--- Source material Enclosed Below ---

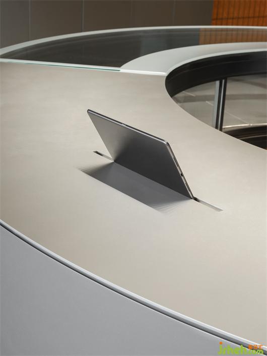 入口處充滿(mǎn)未來(lái)金屬感的點(diǎn)單臺(tái)被設(shè)置在中心位置,原本較為局促的單元被放大后,喜茶設(shè)計(jì)以曲線(xiàn)環(huán)形的構(gòu)件成為“歡迎”顧客的友好界面,并且和取餐區(qū)獨(dú)立設(shè)置,優(yōu)化了體驗(yàn)純粹感。
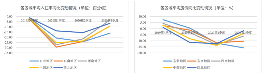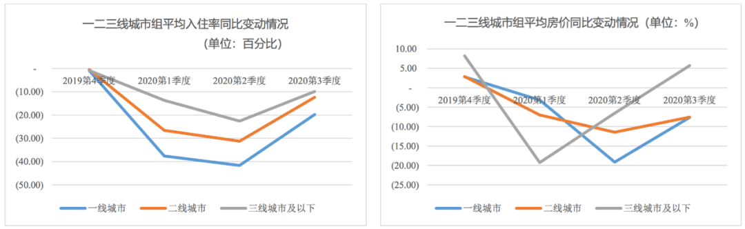 從不同等級(jí)城市組看,一二三線城市組酒店業(yè)在上半年均受疫情影響嚴(yán)重,三季度均有所好轉(zhuǎn),但不同等級(jí)城市組恢復(fù)情況有所不同。其中,一二季度房?jī)r(jià)和入住率下跌幅度從小到大為三線城市組、二線城市組和一線城市組,三線城市組酒店業(yè)受損相對(duì)較小;而三季度酒店業(yè)恢復(fù)程度由好到弱同為三線城市組、二線城市組和一線城市組。整體看,三線城市酒店業(yè)受疫情影響相對(duì)較小、恢復(fù)較快;而一二線城市酒店客源因全球疫情影響海外客源大幅減少并尚未完全恢復(fù),且一二線城市管控更嚴(yán),酒店業(yè)恢復(fù)程度較慢。
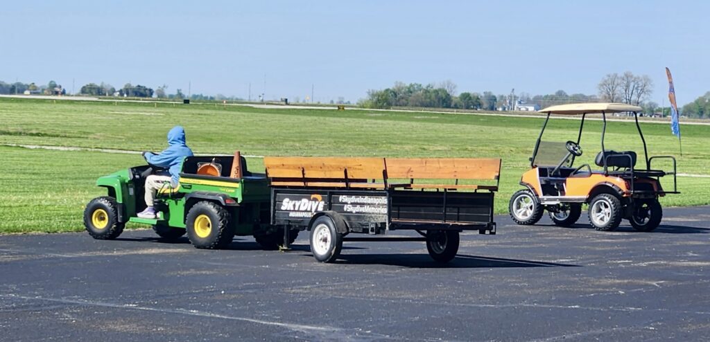 Multiple canopies could be seen in the air, with jumpers making their approach to the well-marked landing area as ground crew and spectators looked on. John Deere utility vehicles and branded golf carts moved across the ramp — a ground crew ready to support another busy day of operations.
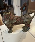 🐉 Antique Tibetan Bronze Snow Lion Figure Coral & Turquoise Inlay Missing Head
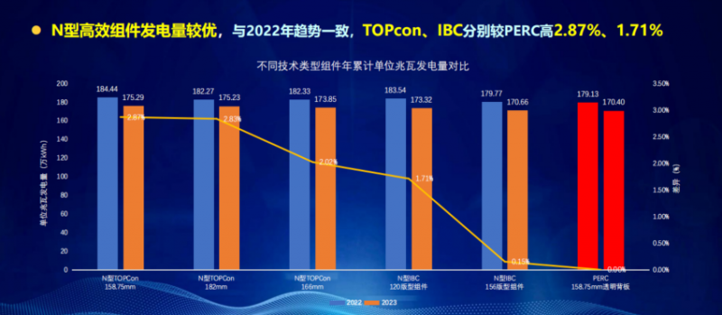 今年3月,國(guó)家光伏、儲(chǔ)能實(shí)證實(shí)驗(yàn)平臺(tái)(大慶基地)公布了2023年度實(shí)證實(shí)驗(yàn)數(shù)據(jù)成果。該成果表示,N型高效組件發(fā)電量較優(yōu),與2022年趨勢(shì)一致,TOPCon、IBC分別較PERC高2.87%、1.71%,即158.75版型的TOPCon發(fā)電量較120版型的IBC高1.16%。進(jìn)一步分析發(fā)現(xiàn),如果用比較相同(相近)硅片尺寸進(jìn)行比較,158.75mm的TOPCon相對(duì)156mm版型的IBC的發(fā)電增益大約為2.72%。
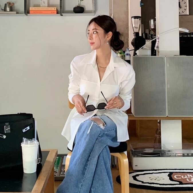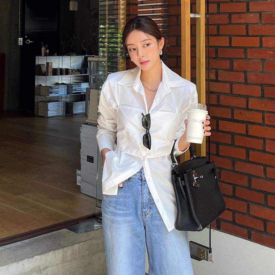 ミディアム丈のルーズフィットが今っぽい抜け感を演出し、可愛らしさとクールさのバランスが絶妙です。
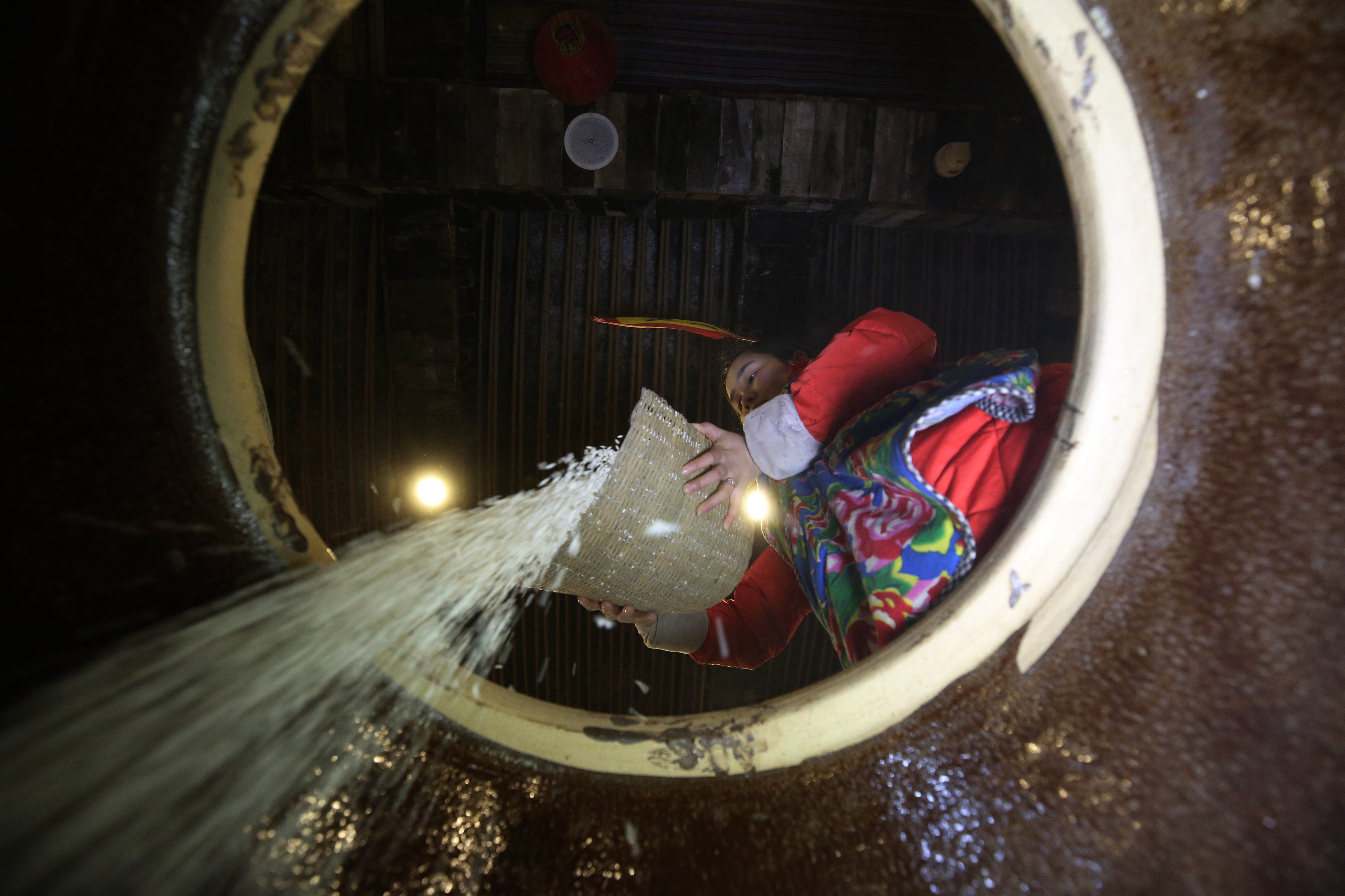 ↑1月8日,在湖南省张家界市武陵源区溪布老街酒坊,工人将酿酒用的糯米倒入缸中准备浸泡。
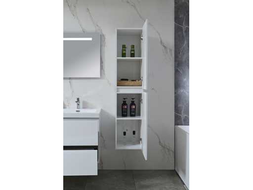 Type : 9015W. Taille : Ensemble 3 pièces : 1* Unité de vanité - 1200x450x600mm, 1* Armoire latérale - 1500x350x350mm, 1* Miroir - 1200x600mm. Équipé de : Robinets incluant un drain escamotable - 4 tiroirs métalliques robustes - Système de tiroir à fermeture douce - Miroir LED avec système anti-embrouillage - Armoire latérale et lavabo préassemblés.
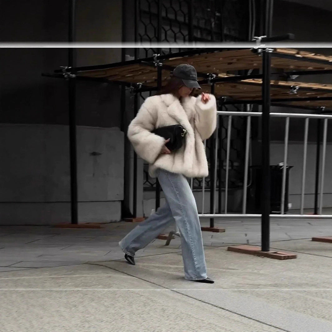 Women's Cozy Fur Jacket in Oversized Style with Wide Lapel
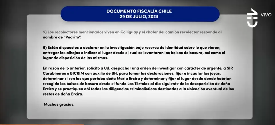 “Estimado fiscal: Hemos tomado conocimiento por personas cercanas y confianza que: 1) el día siguiente de la desaparición de la sra. Ercira desde el Fundo Las Tórtolas, el camión recolector de basura pasó por el fundo a recoger los desechos del lugar”, señala una solicitud que se emitió el 29 de julio a la Fiscalía.
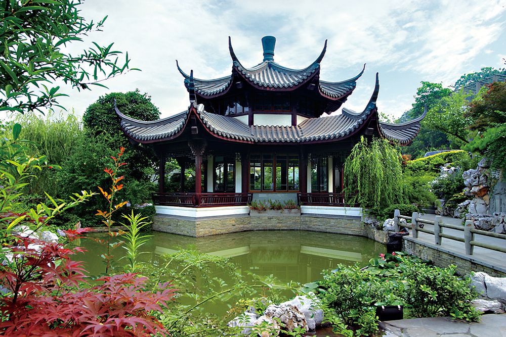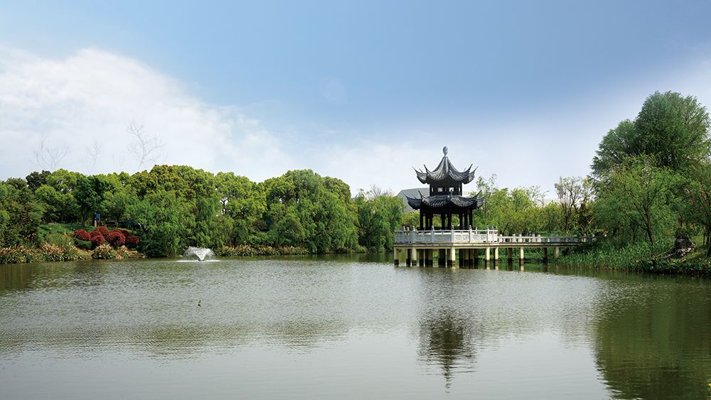 春緣是這個(gè)園子的第一景,位于第一臺(tái)層。春緣石后,半畝方糖“雙”鑒開(kāi),兩面雙疊水池錯(cuò)落有致。其中一疊白石拱橋玉立柳下,池水流入其下一疊,名鴛鴦池,池上設(shè)三折親水棧橋略浮于水面,水中錦鯉翩然游動(dòng),似在行人腳邊嬉戲,意趣盎然。
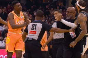 GIF-布萊恩特擋人時推倒特倫特引發沖突
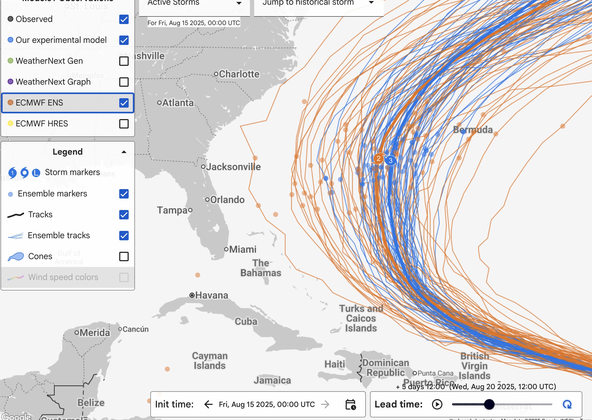 The map below valid for Wed., Aug. 20th shows the forecast from the new Google Weather Lab AI model along with the European HiRes & each model’s ensemble (remains solidly east):
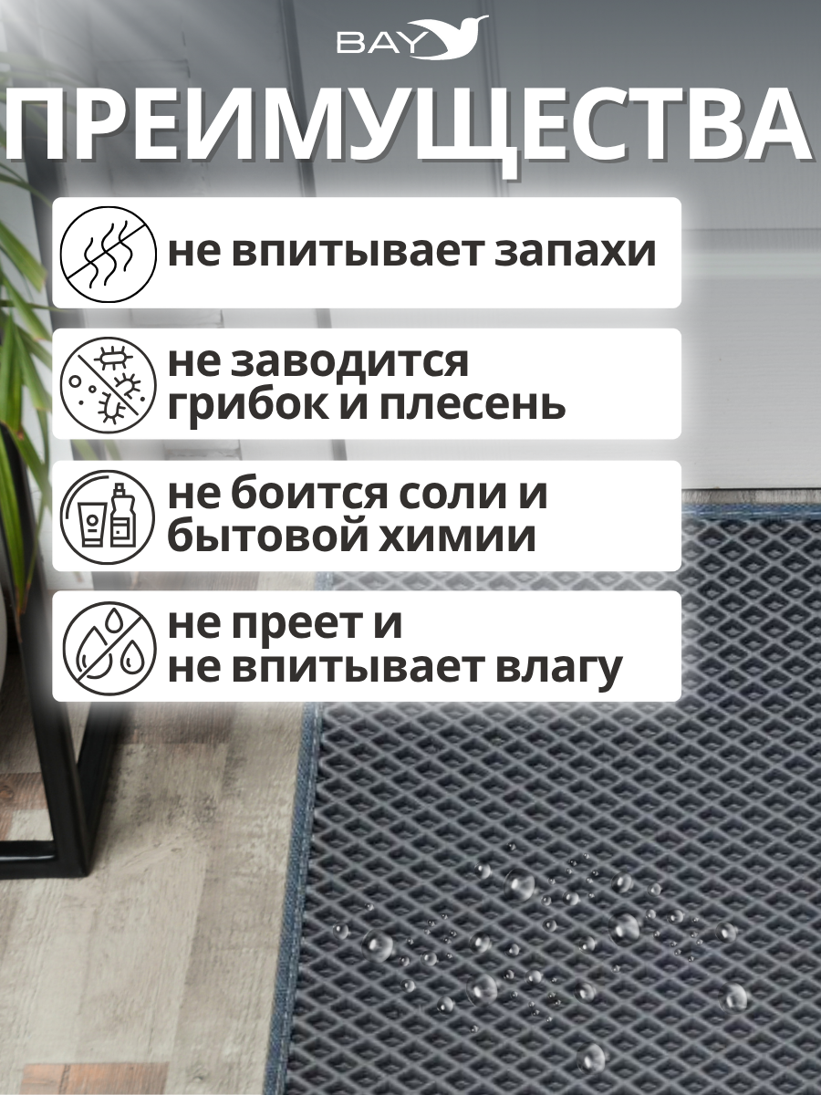 - Ячейки удерживают мелкий мусор, очистить, который можно простым переворачиванием и вытряхиванием коврика
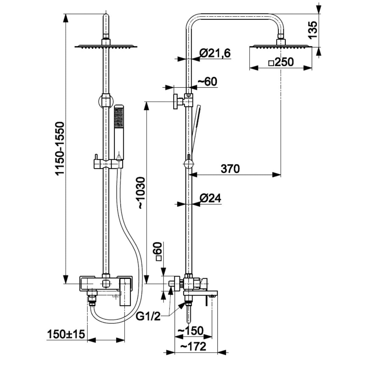 | Форма верхнего душа | Квадратная |
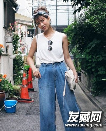 花苞丸子头,搭配一条印花发带看起来更加甜美慵懒哦!
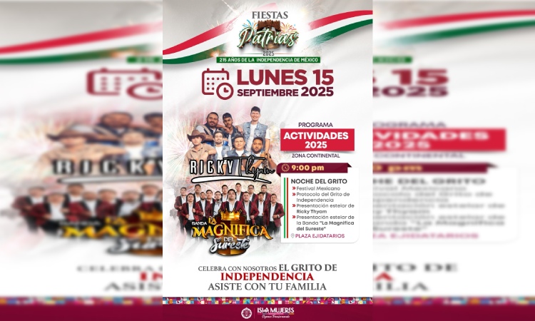 La noche incluirá presentaciones estelares de Ricky Thyam y la Banda «La Magnífica del Sureste», para brindar a los habitantes la oportunidad de participar en las festividades, en un ambiente familiar y seguro.
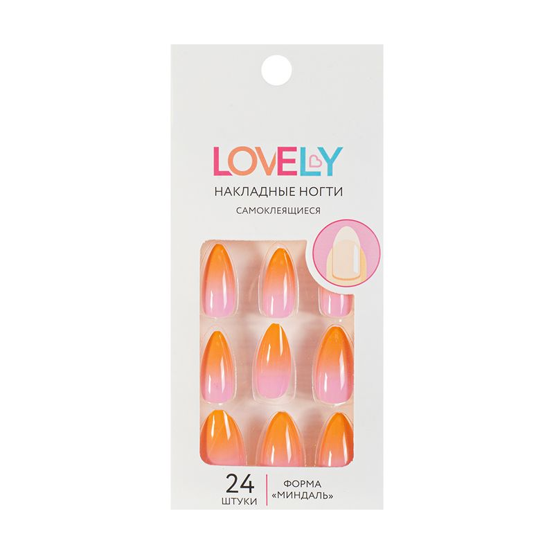 Набор накладных самоклеящихся ногтей, Lovely – простой и быстрый способ создать оригинальный маникюр. Перед применением ознакомьтесь с инструкцией и мерами предосторожности на упаковке. В наборе 24 самоклеящихся ногтя. Состав: АБС, полиэтилен, клеевой слой. Товар представлен в ассортименте.
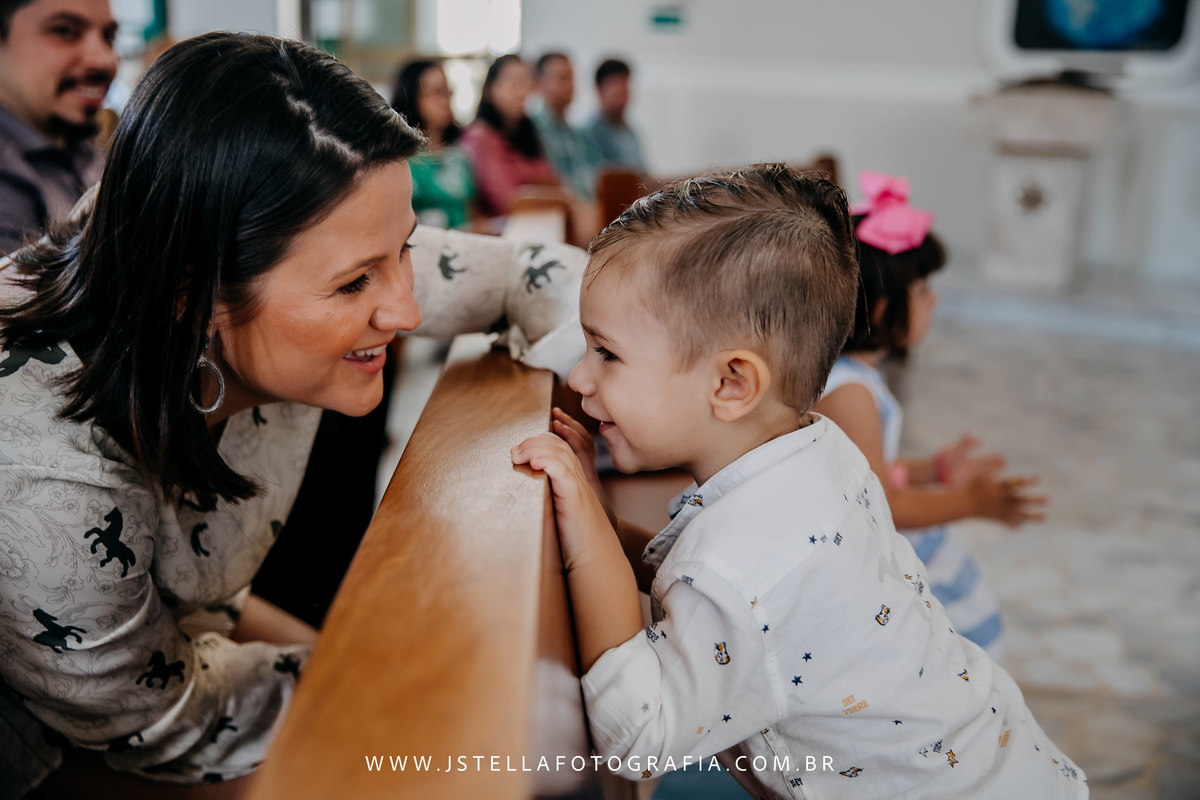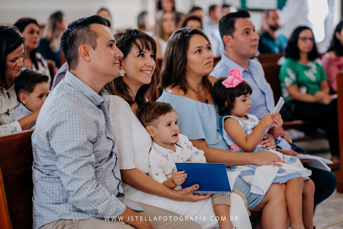 O batismo foi na Paróquia Nossa Senhora Consolata, em Santana. Daquelas cerimônias bem pequenininhas, só para a família mesmo e, depois a recepção foi no salão do prédio onde os pequenos moram.

--- End of Enclosed Source material ---

What you should do — A faithful copy of the records above is needed, with the pictures left out.

Task result —
 入口處充滿(mǎn)未來(lái)金屬感的點(diǎn)單臺(tái)被設(shè)置在中心位置,原本較為局促的單元被放大后,喜茶設(shè)計(jì)以曲線(xiàn)環(huán)形的構(gòu)件成為“歡迎”顧客的友好界面,并且和取餐區(qū)獨(dú)立設(shè)置,優(yōu)化了體驗(yàn)純粹感。
 從不同等級(jí)城市組看,一二三線城市組酒店業(yè)在上半年均受疫情影響嚴(yán)重,三季度均有所好轉(zhuǎn),但不同等級(jí)城市組恢復(fù)情況有所不同。其中,一二季度房?jī)r(jià)和入住率下跌幅度從小到大為三線城市組、二線城市組和一線城市組,三線城市組酒店業(yè)受損相對(duì)較小;而三季度酒店業(yè)恢復(fù)程度由好到弱同為三線城市組、二線城市組和一線城市組。整體看,三線城市酒店業(yè)受疫情影響相對(duì)較小、恢復(fù)較快;而一二線城市酒店客源因全球疫情影響海外客源大幅減少并尚未完全恢復(fù),且一二線城市管控更嚴(yán),酒店業(yè)恢復(fù)程度較慢。
 Multiple canopies could be seen in the air, with jumpers making their approach to the well-marked landing area as ground crew and spectators looked on. John Deere utility vehicles and branded golf carts moved across the ramp — a ground crew ready to support another busy day of operations.
 🐉 Antique Tibetan Bronze Snow Lion Figure Coral & Turquoise Inlay Missing Head
 今年3月,國(guó)家光伏、儲(chǔ)能實(shí)證實(shí)驗(yàn)平臺(tái)(大慶基地)公布了2023年度實(shí)證實(shí)驗(yàn)數(shù)據(jù)成果。該成果表示,N型高效組件發(fā)電量較優(yōu),與2022年趨勢(shì)一致,TOPCon、IBC分別較PERC高2.87%、1.71%,即158.75版型的TOPCon發(fā)電量較120版型的IBC高1.16%。進(jìn)一步分析發(fā)現(xiàn),如果用比較相同(相近)硅片尺寸進(jìn)行比較,158.75mm的TOPCon相對(duì)156mm版型的IBC的發(fā)電增益大約為2.72%。
 ミディアム丈のルーズフィットが今っぽい抜け感を演出し、可愛らしさとクールさのバランスが絶妙です。
 ↑1月8日,在湖南省张家界市武陵源区溪布老街酒坊,工人将酿酒用的糯米倒入缸中准备浸泡。
 Type : 9015W. Taille : Ensemble 3 pièces : 1* Unité de vanité - 1200x450x600mm, 1* Armoire latérale - 1500x350x350mm, 1* Miroir - 1200x600mm. Équipé de : Robinets incluant un drain escamotable - 4 tiroirs métalliques robustes - Système de tiroir à fermeture douce - Miroir LED avec système anti-embrouillage - Armoire latérale et lavabo préassemblés.
 Women's Cozy Fur Jacket in Oversized Style with Wide Lapel
 “Estimado fiscal: Hemos tomado conocimiento por personas cercanas y confianza que: 1) el día siguiente de la desaparición de la sra. Ercira desde el Fundo Las Tórtolas, el camión recolector de basura pasó por el fundo a recoger los desechos del lugar”, señala una solicitud que se emitió el 29 de julio a la Fiscalía.
 春緣是這個(gè)園子的第一景,位于第一臺(tái)層。春緣石后,半畝方糖“雙”鑒開(kāi),兩面雙疊水池錯(cuò)落有致。其中一疊白石拱橋玉立柳下,池水流入其下一疊,名鴛鴦池,池上設(shè)三折親水棧橋略浮于水面,水中錦鯉翩然游動(dòng),似在行人腳邊嬉戲,意趣盎然。
 GIF-布萊恩特擋人時推倒特倫特引發沖突
 The map below valid for Wed., Aug. 20th shows the forecast from the new Google Weather Lab AI model along with the European HiRes & each model’s ensemble (remains solidly east):
 - Ячейки удерживают мелкий мусор, очистить, который можно простым переворачиванием и вытряхиванием коврика
 | Форма верхнего душа | Квадратная |
 花苞丸子头,搭配一条印花发带看起来更加甜美慵懒哦!
 La noche incluirá presentaciones estelares de Ricky Thyam y la Banda «La Magnífica del Sureste», para brindar a los habitantes la oportunidad de participar en las festividades, en un ambiente familiar y seguro.
 Набор накладных самоклеящихся ногтей, Lovely – простой и быстрый способ создать оригинальный маникюр. Перед применением ознакомьтесь с инструкцией и мерами предосторожности на упаковке. В наборе 24 самоклеящихся ногтя. Состав: АБС, полиэтилен, клеевой слой. Товар представлен в ассортименте.
 O batismo foi na Paróquia Nossa Senhora Consolata, em Santana. Daquelas cerimônias bem pequenininhas, só para a família mesmo e, depois a recepção foi no salão do prédio onde os pequenos moram.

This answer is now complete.